Performing the sort in blocks may work - even if it takes a day or two, that's better than another 2 weeks. Any chance you could provide an example/sample code? I would certainly call myself a SAS newbie and am not sure of how I would execute your suggestion.

SASKiwi
PROC Star

Here is a simple example with two sort blocks:

proc sort data = data1;

by sort_vars;

run;

proc sort data = data2;

by sort_vars;

run;

data combined;

  set data1 data2;

  by sort_vars;

run;

The combined dataset maintains the sort order of the of the block1 and block2 datasets- this is interleaving as described by Peter C. Try it yourself on some test data.

Peter_C
Rhodochrosite | Level 12

Thank for domonstrating the interleave when I was off-line for so long....

I should add a little more:

Because the starting data set is so large, it would be great if it is already in a base SAS dataset.
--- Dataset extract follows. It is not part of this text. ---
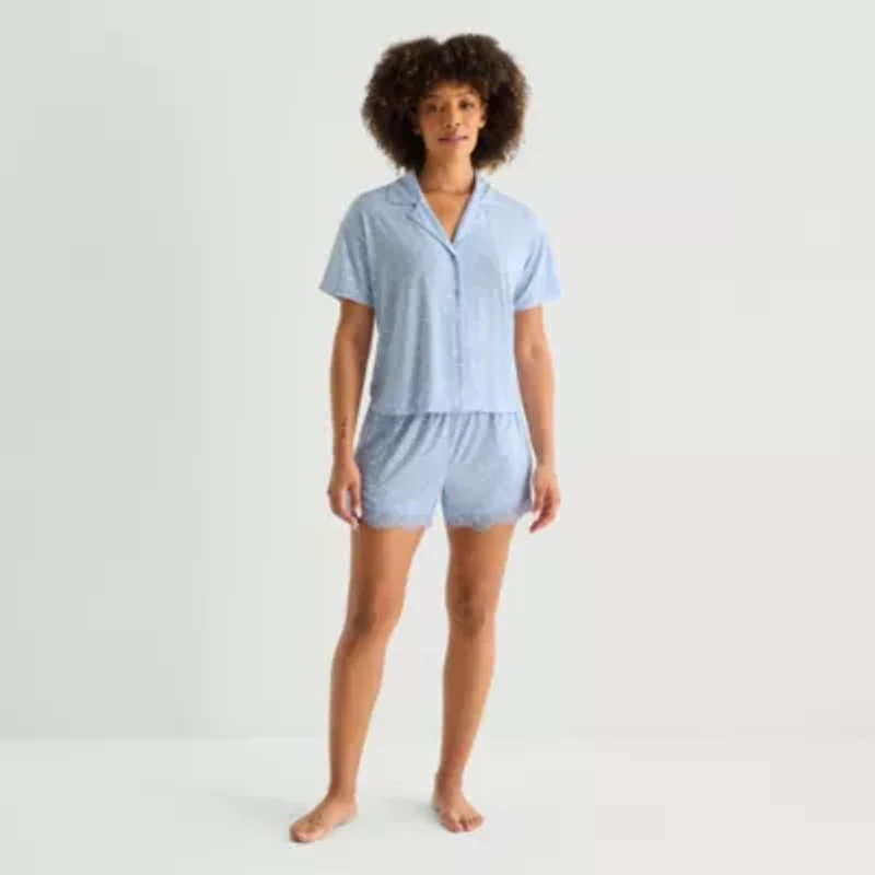 Ambrielle Womens V-Neck Short Sleeve 2-pc. Pajama Sets

Then we can use dataset options to read only a part of the set

proc sort data=your.data( obs=20000000 firstobs=10000001 )

  Out= set10e6 ;

  by the by vars ;

Run;

That should sort the 10 million rows  from row 10 million and 1 to row 20million

The macro language or even call execute in a datastep could automate this selection of blocks of data "by row number".
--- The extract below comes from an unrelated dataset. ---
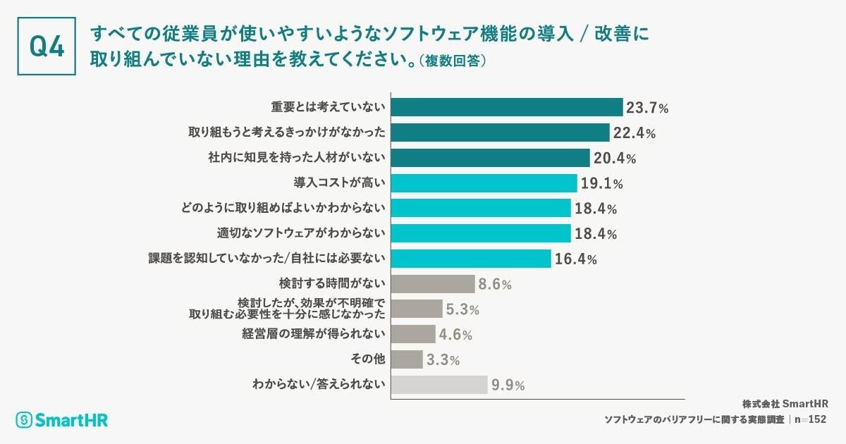 (2)で「まったく備わっていない」と回答した方に、「すべての従業員が使いやすいようなソフトウェア機能の導入/改善に取り組んでいない理由を教えてください。(複数回答)」と質問したところ、回答数が多い順に「重要とは考えていない」が23.7%、「取り組もうと考えるきっかけがなかった」が22.4%、「社内に知見を持った人材がいない」が20.4%という回答となりました。

If you knew all the values of one of those sort keys, even better performance would be available.

PeterC

gergely_batho
SAS Employee

Hi abeck19,

My solution is similar then the previous ones, but is applicable only if you are lucky enough, that your dataset is sorted by date/time. (Not by id and then by time as you require) Since you have web log data it is quite likely... In the following example it is enough if it is groupped by day.

And I also assume, you don't need a raw sort, but some kind of aggregation.
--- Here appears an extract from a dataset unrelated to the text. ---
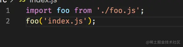 => 然后再次进入了index.js(进入这个文件的原因同上面),执行foo('index.js');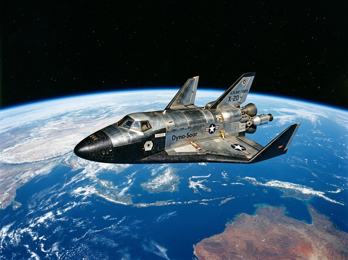 X-20 Dyna-Soar was a US Air Force program to develop a crewed orbital spaceplane capable of reconnaissance, bombing, and satellite interception missions, launched atop a Titan rocket and recovered via unpowered glide landing like a conventional aircraft. Studied and partially developed from 1957 to 1963, the delta-winged vehicle would have been piloted by USAF astronauts for single-orbit missions at altitudes up to 150 km, returning to an airbase runway. The program was cancelled in December 1963 before any hardware flew, as Defense Secretary McNamara determined that unmanned reconnaissance satellites could perform the mission at lower cost. Dyna-Soar's aerodynamic and thermal protection research directly informed the design of the Space Shuttle orbiter.

proc summary data=in nway;

var amount;

class id;

by datetime;

format datetime datetime7.;

output out=out sum=;

run;

Now you have data grouped by day and id. Hopefully it is smaller, and you can process it. You can control the aggregation level with the format statement.

Everyone: Is this really faster: Dividing a dataset, sorting separately, then interleaving? This is what almost all sort algorithms are supposed to do internally (called "merge sort").

Peter_C
Rhodochrosite | Level 12

The big problem in SAS sorting is the sortwork areas. These demand at least twice the original filesize and perhaps 3 or 4 times. And that's before it completes in a reasonable time.

proc summary uses memory arrays to collect its stats - providing a different constraint. Despite that it privides what I think is the simplest approach.

As I (weakly) demonstrated earlier, proc sumnary can be executed in hadoop-style blocks. (I should have extended the demo to show consolidation /summarization / rollup of the blocks)

gergely_batho
SAS Employee

Hi All,

I know you know it, but still want to clarify: The example above also executes in blocks. Because of the by statement.

If daily data does not fit into memory, just change the format. Flexible.

jakarman
Barite | Level 11

The .lck file is the temporary name that will be used to give the definitive name when ready. First deleting the original dataset when overwriting that.

As the sort process was in the merge stage there must be some #utl files in a saswork directory.

You cannot restart this process because there is no restart for the proc sort defined.  As simple and possible frustrating start again at your last known correct state.

Possible you could use checkpoint restart in your code.  SAS(R) 9.3 Language Reference: Concepts, Second Edition. The restart actions can be handed to operations guys.

Still it is not possible to restart somewhere in the middle when executing a proc,

---->-- ja karman --<-----
jakarman
Barite | Level 11

Going further into details. Would avoid using Tagsort. SAS(R) 9.4 Companion for UNIX Environments, Third Edition ( SORT Procedure: UNIX) It is single threaded, normally the last rescue when you have disk-space problems. In a one run situation this will do, but when needing to run it more often there are smarter approaches.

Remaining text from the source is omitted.